# Bifold doors driving me crazy!



## Gevans17 (Sep 27, 2008)

Anyone know why my bifold closet doors will not stay closed? They will not fold completely flat when closed...drift halfway open everytime. Any suggestions appreciated. Thanks in advance. :furious:


----------



## Jack of most (Jan 21, 2009)

Doors are too big for opening? Needs adjustment?


----------



## buletbob (May 9, 2008)

Gevans17 said:


> Anyone know why my bifold closet doors will not stay closed? They will not fold completely flat when closed...drift halfway open everytime. Any suggestions appreciated. Thanks in advance. :furious:


Sounds as tho there out of plumb, Are the rollers in god working condition, do they wiggle inside the track? if so its time to replace the rollers which could be purchased at any HD. BOB


----------



## Just Bill (Dec 21, 2008)

There should be a spring that fits in the track in the middle. This keeps tension to hold the doors closed. And they are adjustable. The screw at the top pin slot will allow movment of the top pin. To adjust the bottom pin, lift the door and move it in ot out on the pin holder. There should be a gap of from 0-1/4" between doors


----------



## miami (Jan 28, 2009)

(I'm assuming you truly mean 'bifold' [i.e., individual two-panel] doors, not an 'accordion'-fold door - I don't know whether the photo is yours - ?)

If so, and if the 'drifting open' problem is caused by the fact that they won't close completely, you may be able to solve both by fixing that. Assuming that they aren't just too wide for the opening, probably the 'fixed' anchor/pivot point for one (or both) of them has come out of its hole, or the pivot flange (the bit in the track into which the pin fits) has moved. Check the top and bottom pivots for both doors - You can adjust the flanges (in which the pins pivot) back and forth in the track, then screw it back down when it's positioned properly.
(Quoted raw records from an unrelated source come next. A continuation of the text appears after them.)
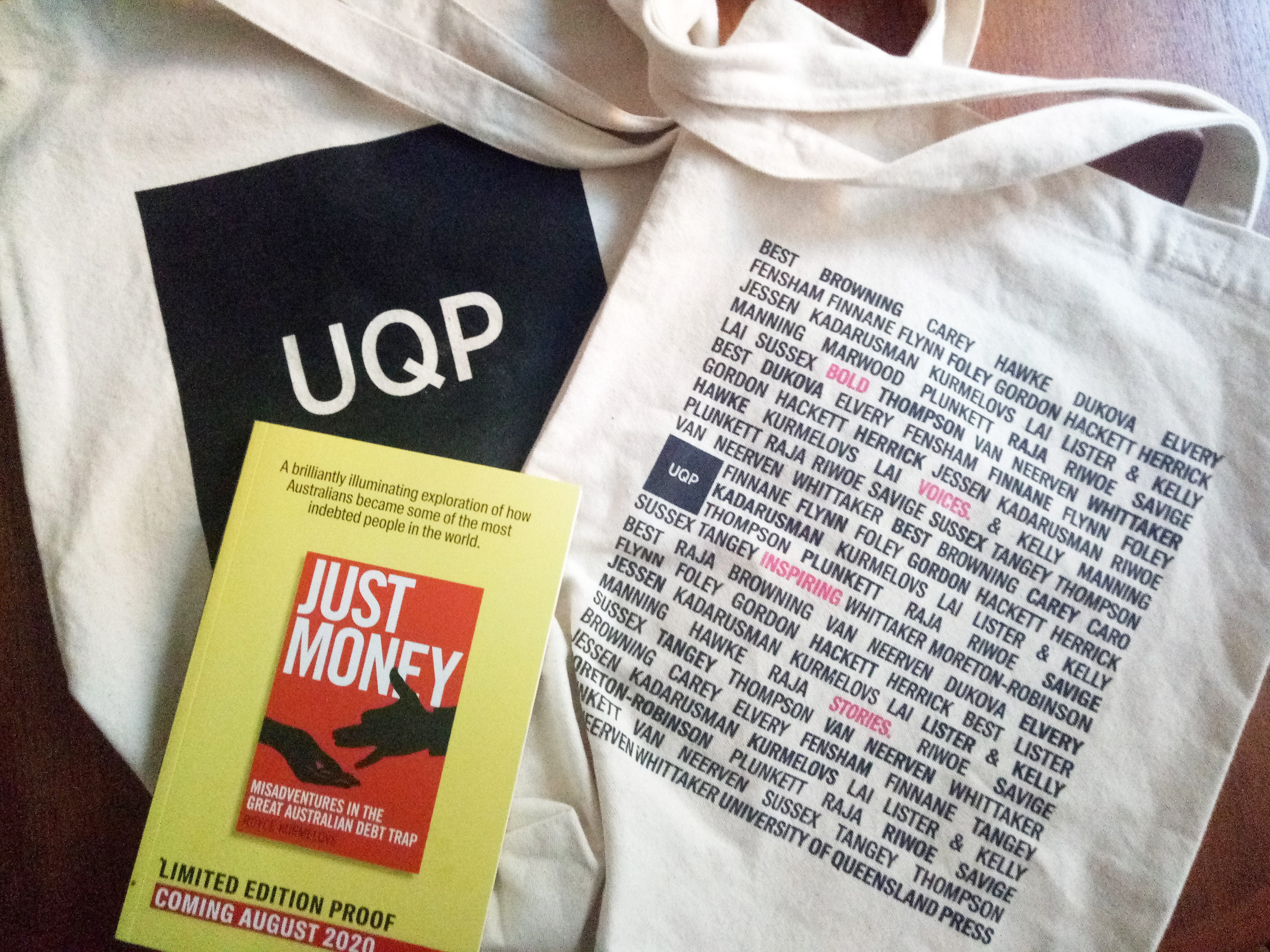 A little while ago I was tipped by sources that my publisher, the University of Queensland Press had printed a tote bag with my surname repeated alongside authors significantly more reputable than myself. When I followed up, my publisher confirmed this to be true and sent me a couple of the artifacts as proof. My reaction upon receiving them was (and remains) a mix of deep flattery, total awkwardness and an urge to crack jokes at my own expense.
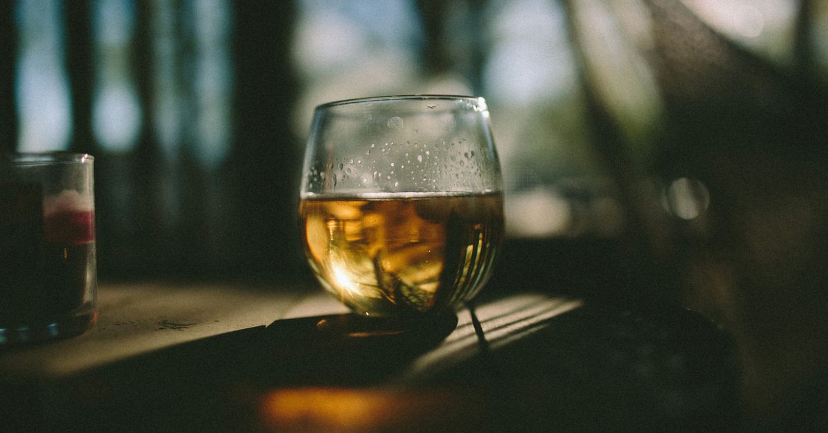- Fill the glass with a big ice cube (or a few smaller ones, if that’s what ya got). Bigger cubes melt slower, so you ain’t dilutin’ your drink too fast.
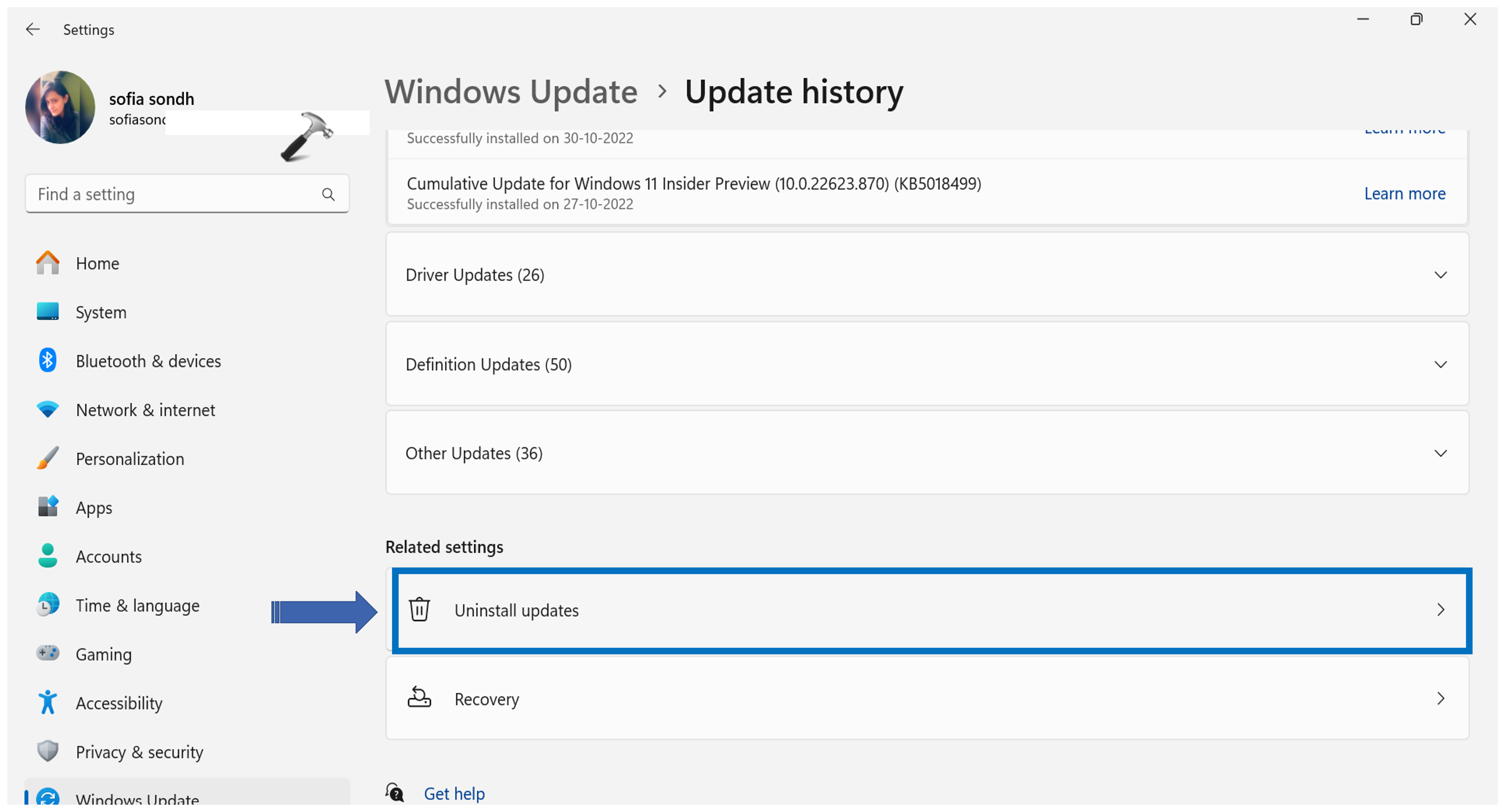 Pour résoudre le problème de réinitialisation continue de l'application Paramètres dans Windows 11, vous pouvez essayer de désinstaller la mise à jour Windows la plus récente. Cela peut résoudre le problème si la mise à jour est corrompue ou provoque un conflit avec un autre programme ou service.
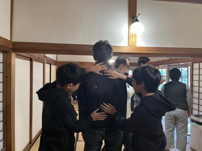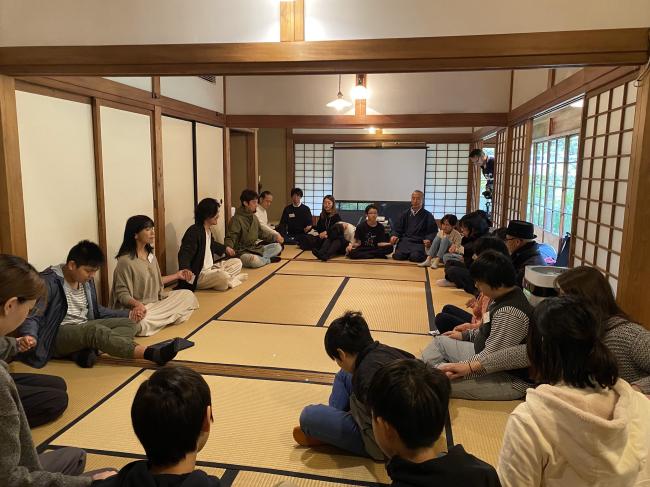 部屋に戻ったあとは、みんなで一体となって「気」を感じてみましょう。
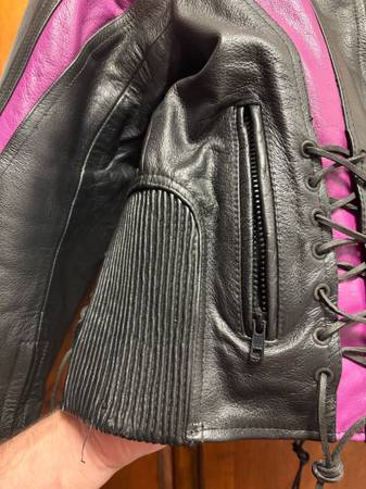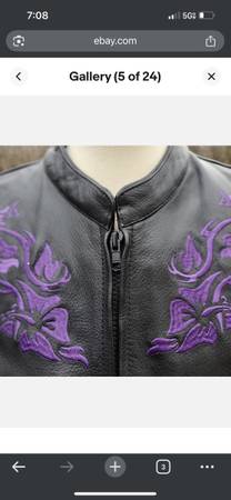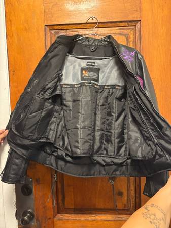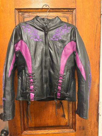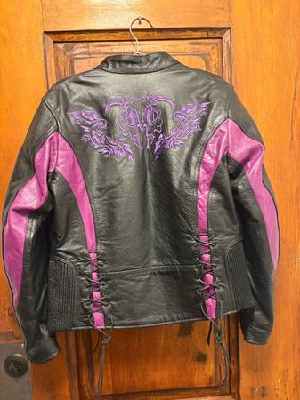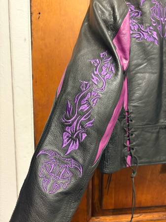 Xelement Ladies Medium Gemma Black Purple Leather Motorcycle Embroidered Jacket
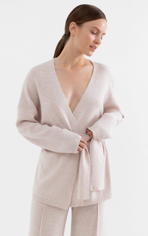 Кардиган на запах с поясом – интересное решение, если наскучили привычные модели. Как и другая трикотажная база, идеален для нестрогого дресс-кода и повседневных луков. Отметим прямой свободный крой и спущенную линию плеча, создающие комплиментарную посадку и непринужденный абрис. Модель выполнена из фактурного меланжевого трикотажа с добавлением шерсти, поэтому дарит особую мягкость, комфорт и красивый визуал. Пояс в комплекте позволяет расставлять акценты и управлять впечатлением от образа. Для комплекта рекомендуем трикотажные брюки со стрелками из коллекции CONSO. 34% полиэстер, 20% вискоза, 19% нейлон, 17% акрил, 10% шерсть
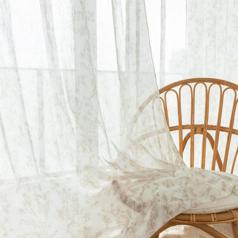 かすれたタッチで描かれたアンティーク調のボタニカル柄レースカーテン。陽ざしを受けて浮かびあがる、ボタニカルのデザインがナチュラルなテイストにピッタリ♪
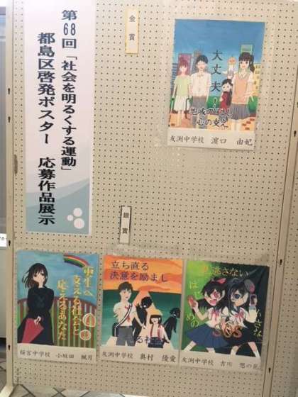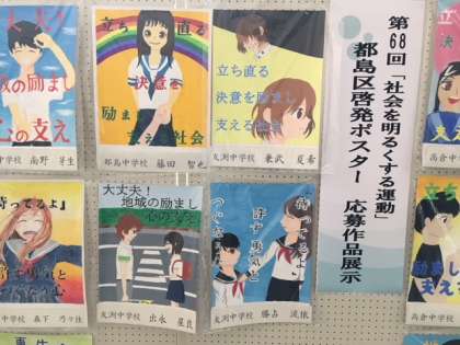 ポスターは、都島区内の中学校から80点近くの応募があり、本校から美術部員の作品がたくさん受賞しました。
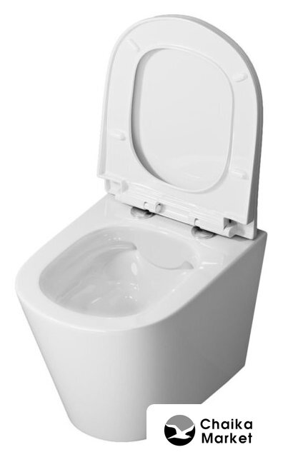подвесной, конструкция: без бачка, задний подвод воды, горизонтальный выпуск, с сиденьем, безободковый
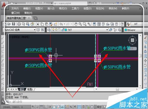 1、這里是個(gè)例子,這里準(zhǔn)備將“雨水管”這個(gè)圖層的所有對(duì)象一次性選中。
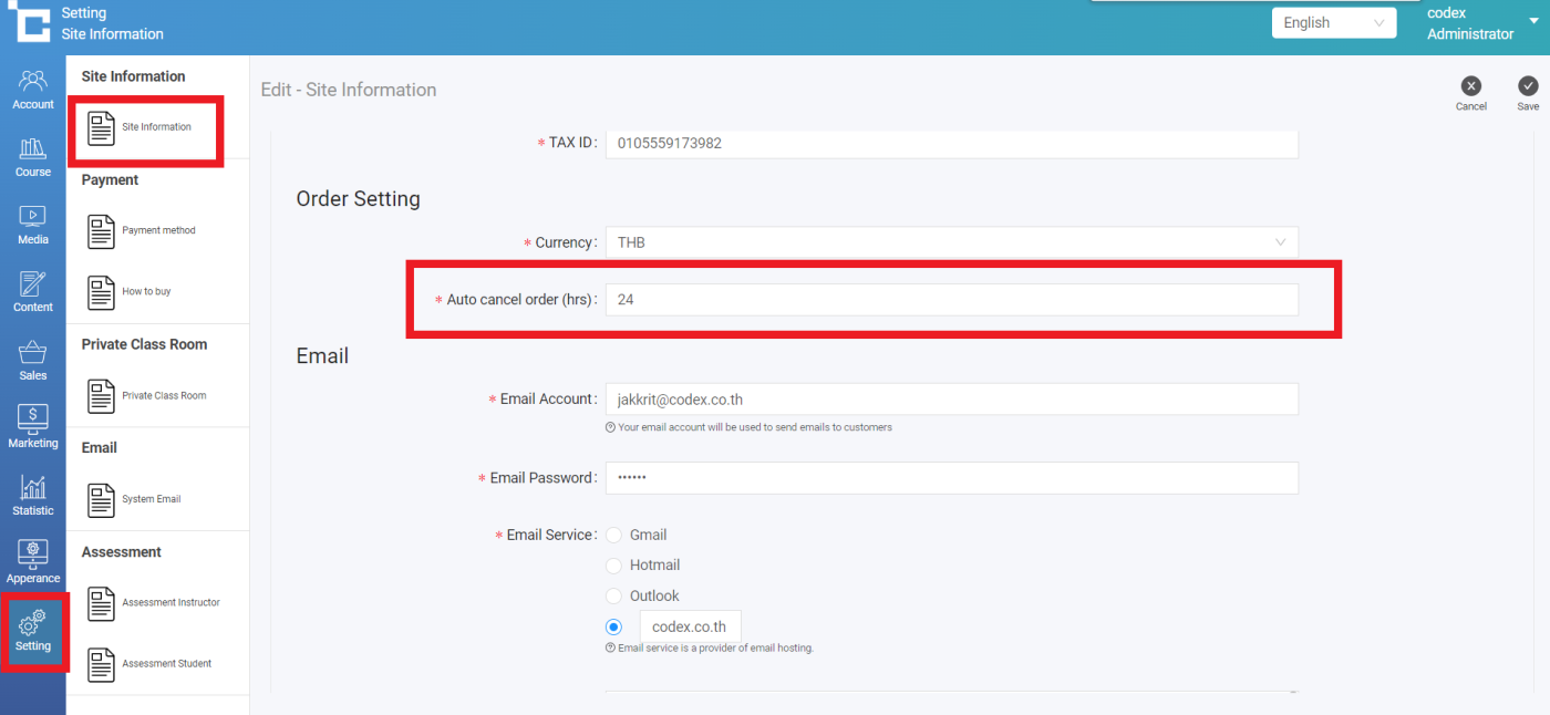 คู่มือการใช้งาน วิธีกำหนดระยะเวลาชำระเงิน Facebook iconแชร์Twitter iconทวีตLINE iconส่งไลน์LINKED IN iconส่งไลน์ ไปยังเมนู Setting > Site Information > กรอกระยะเวลาชำระเงินที่ช่อง Auto cancel order (hrs) Facebook iconแชร์Twitter iconทวีตLINE iconส่งไลน์LINKED IN iconส่งไลน์
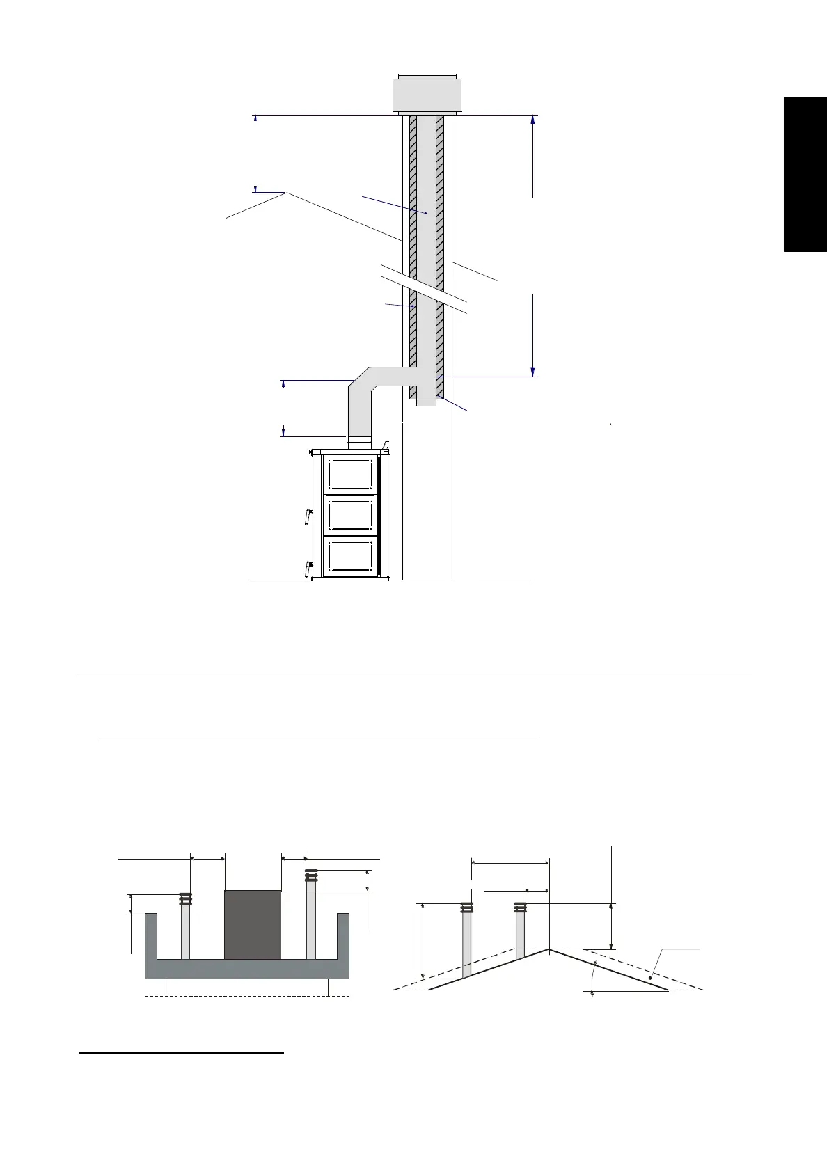 Per la realizzazione della canna fumaria non sono permessi tratti orizzontali. La canna fumaria deve essere realizzata con tubo di diametro 180 mm in
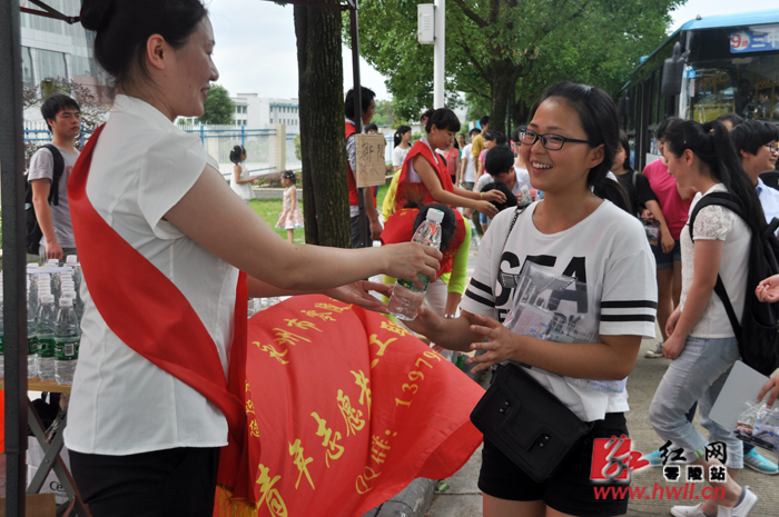 青年志愿者为考生送上纯净水

If the drifting is a separate problem, it could be the wall itself is out of plumb and leaning inward. In that case you will probably have to deal with the springs.

Good Luck!


----------



## Gevans17 (Sep 27, 2008)

*Bi fold door wont stay shut*

No, it is not an acordian type door. It has 2 panels which will not stay flat (closed). The doors are probably too small for the opening, as I have a decent gap on both sides. Guess i will check for plumb and replaced the hardware. Thanks


----------



## drtbk4ever (Dec 29, 2008)

Gevans17 said:


> No, it is not an acordian type door. It has 2 panels which will not stay flat (closed). The doors are probably too small for the opening, as I have a decent gap on both sides. Guess i will check for plumb and replaced the hardware. Thanks


Are you saying there is a large gap between the doors when they are closed in addition to the gaps you have on either side? Or that the door won't close at all because the doors meet in the middle and seem to wide?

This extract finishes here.